Differentiable programming

Differentiable programming is a programming paradigm in which the programs can be differentiated throughout, usually via automatic differentiation.^[1]^[2] This allows for gradient based optimization of parameters in the program, often via gradient descent. Differentiable programming has found use in areas such as combining deep learning with physics engines in robotics, differentiable ray tracing, and image processing.^[3]^[4]^[5]

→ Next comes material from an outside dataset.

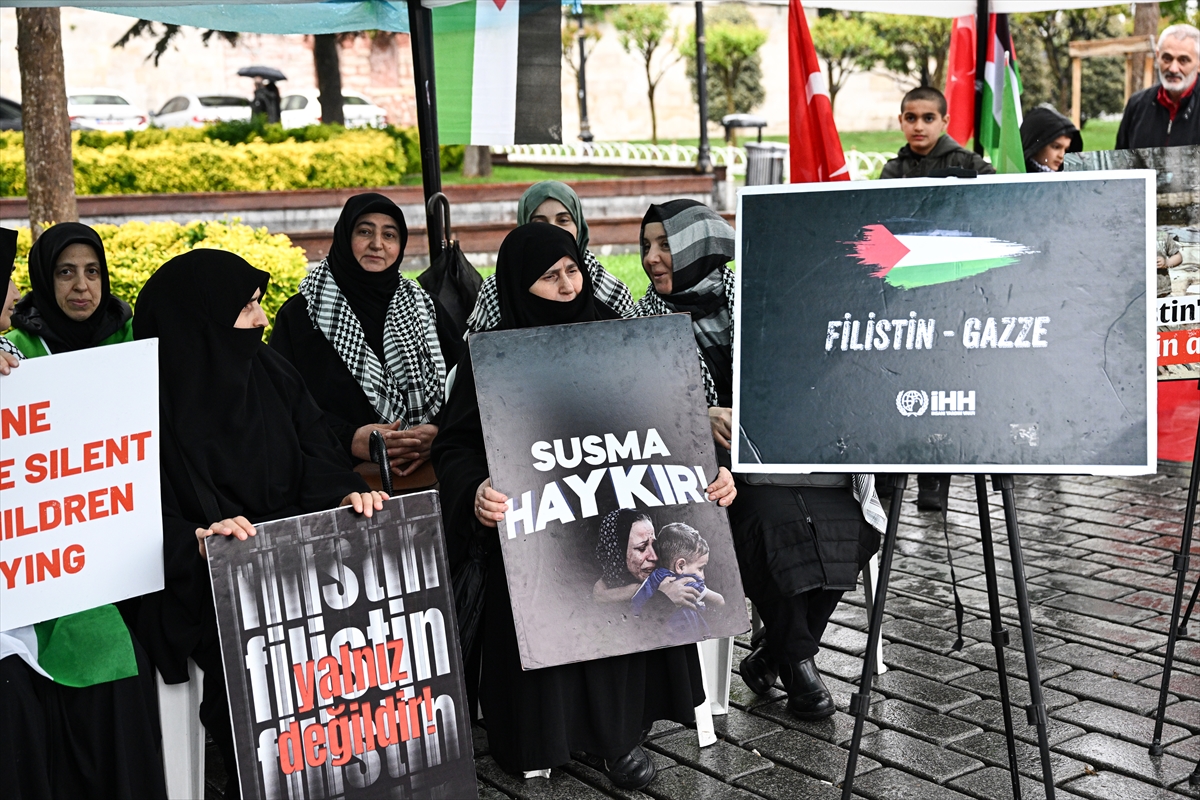 Alman Çeşmesi yakınında kurulan çadırda bir araya gelen İHH üyeleri, İsrail'in Filistin'e yönelik saldırılarını protesto ediyor. Yağmurlu ve soğuk havadaki eyleme, yerli ve bazı yabancı turistler de destek veriyor.

Most differentiable programming frameworks work by constructing a graph containing the control flow and data structures in the program.^[6] Earlier attempts generally featured a tradeoff between a "dynamic" interpreted graph — chosen by frameworks such as PyTorch and AutoGrad — which leads to interpreter overhead and poorer scalability, and a "static" compiled graph — chosen by frameworks such as TensorFlow — which limits interactivity and the types of programs that can be created easily, as well as making it harder for users to reason effectively about their programs.^[6] These earlier attempts are also generally only able to differentiate code written in a suitable manner for the framework, limiting their interoperability with other programs. A more recent framework in the Julia programming language — called Zygote — resolves these problems by treating the language's syntax as the graph; the intermediate representation for arbitrary Julia code can then be differentiated directly and compiled.^[6]^[7]

References

^ Wang, Fei; Decker, James; Wu, Xilun; Essertel, Gregory; Rompf, Tiark (2018), Bengio, S.; Wallach, H.; Larochelle, H.; Grauman, K. (eds.), "Backpropagation with Callbacks: Foundations for Efficient and Expressive Differentiable Programming" (PDF), Advances in Neural Information Processing Systems 31, Curran Associates, Inc., pp. 10201–10212, retrieved 2019-02-13
^ Innes, Mike (2018). "On Machine Learning and Programming Languages" (PDF). SysML Conference 2018.
^ Degrave, Jonas; Hermans, Michiel; Dambre, Joni; wyffels, Francis (2016-11-05). "A Differentiable Physics Engine for Deep Learning in Robotics". arXiv:1611.01652 [cs].
^ "Differentiable Monte Carlo Ray Tracing through Edge Sampling". people.csail.mit.edu. Retrieved 2019-02-13.
^ "Differentiable Programming for Image Processing and Deep Learning in Halide". people.csail.mit.edu. Retrieved 2019-02-13.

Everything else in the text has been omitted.